Христос для Бруно только человек, историческая личность вроде Магомета, Моисея и иных основателей религиозных учений. Что касается евангельских рассказов о чудесах, то Бруно стремился дать им естественное объяснение. Основой «чудесного» исцеления, если это не прямой обман, являлось, по его мнению, психологическое воздействие «целителя» на больного, невозможное без доверия со стороны исцеляемого. «Богословы признают, — писал Бруно в трактате „О магии“, — что тот, кто будто бы мог совершать какие угодно чудеса, бессилен был исцелить неверующих в него, и всецело относят его бессилие к воображению, которого он не в силах был преодолеть. Дело в том, что земляки, хорошо знавшие его жалкое происхождение и недостаточное образование, презирали его и издевались над этим божественным врачевателем» (22, стр. 453). Бруно высмеивал рассказы о чудесах, о божестве, дарующем власть «прыгать по водам, заставлять кувыркаться хромых и танцевать раков, кротов видеть без очков и делать прочие прекрасные и нескончаемые диковинки» (10, стр. 181–182). Еще более решительно высказывался Бруно о Христе в разговорах с Мочениго и соседями по камере в венецианской тюрьме: «Христос творил лишь мнимые чудеса… Христос умер позорной смертью, и все пророки умерли как мошенники, ибо все, что они говорили, было ложью» (13, стр. 366–367).

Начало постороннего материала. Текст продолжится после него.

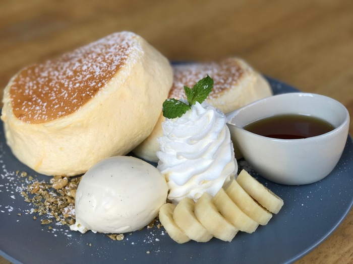 高さがあるパンケーキと季節のフルーツとの組み合わせが最高の一品になってます。

С разоблачением мифа о Христе связано и выступление Бруно против одного из важнейших таинств христианской религии — против учения о пресуществлении, превращении во время обедни святых даров — освященных хлеба и вина — в тело и кровь Христовы. Имея в виду это таинство, евхаристию, Бруно писал в предисловии к «Изгнанию торжествующего зверя»: «Джордано… зовет хлеб хлебом, вино — вином». И намекая на причащение верующих тела и крови Христовых, Мом говорит: «Ох, я скажу тебе способ, посредством которого весь мир будет в состоянии его есть и пить, и при этом он не будет ни съеден, ни выпит, ни один зуб не коснется его, ни одна рука не ощупает, ни один глаз не увидит и даже, может, не будет места, которое заключило бы его в себе» (10, стр. 186). Среди «гнуснейших фантазий», измышляемых богословами, Бруно называл «верования в Цереру и Вакха» (т. е. в хлеб и вино) (21, стр. 182), а в беседах с библиотекарем Котеном и Мочениго называл величайшим богохульством мнение, что хлеб превращается в тело господне.
Можно было бы привести много других высказываний Бруно, направленных против религиозных легенд и суеверий. Он отрицал божественность не только проповеди Христа, но и Моисеева закона, считая, что Моисей совершал свои чудеса при помощи воспринятого им у египтян магического искусства и что «его закон жесток, тираничен и несправедлив и не дан богом, а создан его собственным воображением» (13, стр. 378–379). Бруно отвергал веру в бессмертие души, миф о сотворении богом Адама и Евы, легенду о всемирном потопе; высмеивал веру в рай и ад, считая их плодом воображения суеверных людей (см. 13, стр. 371–373 и 22, стр. 683).
Не ограничиваясь критикой католического культа, осуждением религиозных суеверий, Бруно стремился к глубокому раскрытию роли религии в жизни человечества, ее пагубного воздействия на науку и философию, на общественные отношения и нравственность.